А вечером, за час или два до официального отбоя, пока Черкасов был в двухместной палате ещё один, раздался негромкий и какой-то робкий стук в дверь. Через минуту, чуть громче, в дверь стукнули ещё три раза. И почти сразу же за дверью послышалось лёгкое удаляющееся пощёлкивание женских каблучков. Черкасов быстро шагнув к двери, рывком распахнул её. Наталья – а это была она, его соседка по столу и по палате, мельком оглянулась на шум открываемой двери, и Андрей успел заметить, что глаза её покраснели и выглядели припухшими.
– Наталья Сергеевна! Извините, что не сразу открыл – не расслышал… Ну же! Подойдите пожалуйста. Ведь это вы постучали в нашу дверь?

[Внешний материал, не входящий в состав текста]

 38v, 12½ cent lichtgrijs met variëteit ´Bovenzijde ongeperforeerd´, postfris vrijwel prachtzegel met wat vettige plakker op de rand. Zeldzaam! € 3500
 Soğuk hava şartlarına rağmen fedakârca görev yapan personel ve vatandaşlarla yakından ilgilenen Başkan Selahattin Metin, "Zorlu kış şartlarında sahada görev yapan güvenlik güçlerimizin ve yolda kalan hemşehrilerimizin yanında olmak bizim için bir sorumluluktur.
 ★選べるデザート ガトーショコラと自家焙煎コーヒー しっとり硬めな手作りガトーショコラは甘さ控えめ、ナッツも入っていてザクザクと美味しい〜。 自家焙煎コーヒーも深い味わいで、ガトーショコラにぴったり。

– Да… нет… Это я так. Не стоит беспокоиться!
Но Черкасов уже был подле неё и легко коснувшись локтя одной из её рук, судорожно прижатых к отнюдь не пышной груди, развернул женщину лицом к себе:
– Вижу, что вы чем-то очень расстроены и нуждаетесь в совете, а то и в помощи. Пожалуйста, не стесняйтесь… Давайте пройдём к дальней беседке… Пока дойдём – совсем стемнеет. Там обо всё и поговорим. Ну, как, согласны? – убеждающе и почти нежно проговорил Андрей Васильевич. Отчего-то ему стало вдруг очень жаль эту скрывающую нервную дрожь женщину, которая, похоже, отчаянно нуждалась в помощи, но не имела никого, к кому могла бы за ней обратиться. Наталья молча утвердительно кивнула, осторожно, естественным движением высвободила свой локоть из руки Черкасова и чуть поодаль пошла вслед за ним к выходу их корпуса. Так, молча, они дошли до „дальней“ беседки, которая, по счастью, оказалась совершенно пустой.

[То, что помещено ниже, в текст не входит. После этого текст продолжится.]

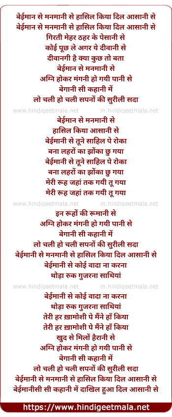 Lyrics of Beimani Si - बेईमान सी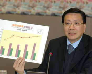 消委會(huì)去年接獲4.2萬(wàn)宗投訴,較前年增加3500宗,打破歷年紀(jì)錄。張炳良總結(jié)數(shù)字時(shí)表示,投訴個(gè)案創(chuàng)新高,主要是消費(fèi)者于去年面對(duì)金融危機(jī),令金融服務(wù)投訴大幅攀升,增幅超過10倍。若“扣除”9200多宗金融服務(wù)投訴個(gè)案,多項(xiàng)主要類別投訴均下降,包括電訊、商品和服務(wù),而涉及旅客投訴也減少。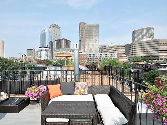 Two bedroom penthouse has TWO decks and great views! Modern kitchen with granite countersand gas cooking opens to sunny living space with bay window, hardwood floorsand fireplace. Full staircase to large private roof deck with sweeping city views. Both bedrooms have access to additional rear deck. Pets OK. W/D in unit. Great location near Southwest Corridor Park.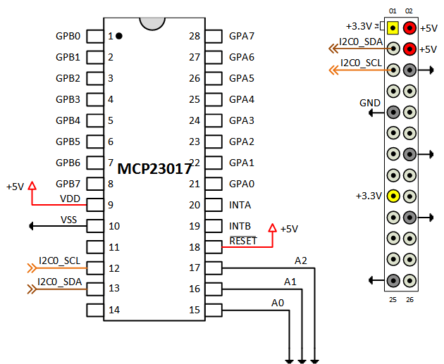 Since MCP23017 is powered by +5V, the output pins show +5V when they are set to logic high. The +5V voltage rail on the Raspberry Pi expansion header is not subject to a 50 mA limit as is the case for +3.3V voltage rail, providing more latitude for power consumption. It is safe to connect the SDA and SCL pins directly to the Raspberry Pi hardware because there are resistors on the Raspberry Pi hardware that pull these two signal lines to +3.3V. Make sure that you do not connect any of the MCP23017 output pins directly to the Raspberry Pi hardware.

Вот тогда-то, в беседке, Черкасов и узнал, как он думал, всю нехитрую, хотя и не блещущую чистотой и праведностью историю Натальи Сергеевны Ветровой – своей будущей супруги. Оказалось, что она на пять лет моложе Андрея Васильевича, так что, пока ещё не наработала ни ученых степеней, ни званий, что она окончила биофак МГУ, отработала три года по распределению учительницей в одной из районных школ. Поняла, что педагогика – это не для неё; впрочем, она и поступала-то на биофак не для того, чтобы учительствовать, а, как она выразилась, „чтобы познавать живую природу“. (Тут, сразу отметим, что Черкасов, которому и до того была симпатична его соседка, проникся к ней ещё большей симпатией, почему-то усмотрев в таком признании „родственность душ“).
Умело переведя беседу от „образовательной“ сферы к причине её переживаний и совсем уж недавних горьких слёз, Черкасов выяснил, что причина банальна – как раз из тех, что осуждаются и Православием, и русскими законами Рита, и „Домостроем“, и… Короче: речь шла о добрачной связи, которая месяц или два назад („Ого! Срок приличный, а депрессивный синдром не стихает!“ – мигом подумал Черкасов) окончилась полным крахом и… издевательствами, которые получили огласку. Без труда Черкасов выяснил, что таких добрачных сожительств у Чирковой насчитывалось уже три, и что все они были организованы её матерью, по её инициативе и под видом якобы „полезности и необходимости пробных браков“.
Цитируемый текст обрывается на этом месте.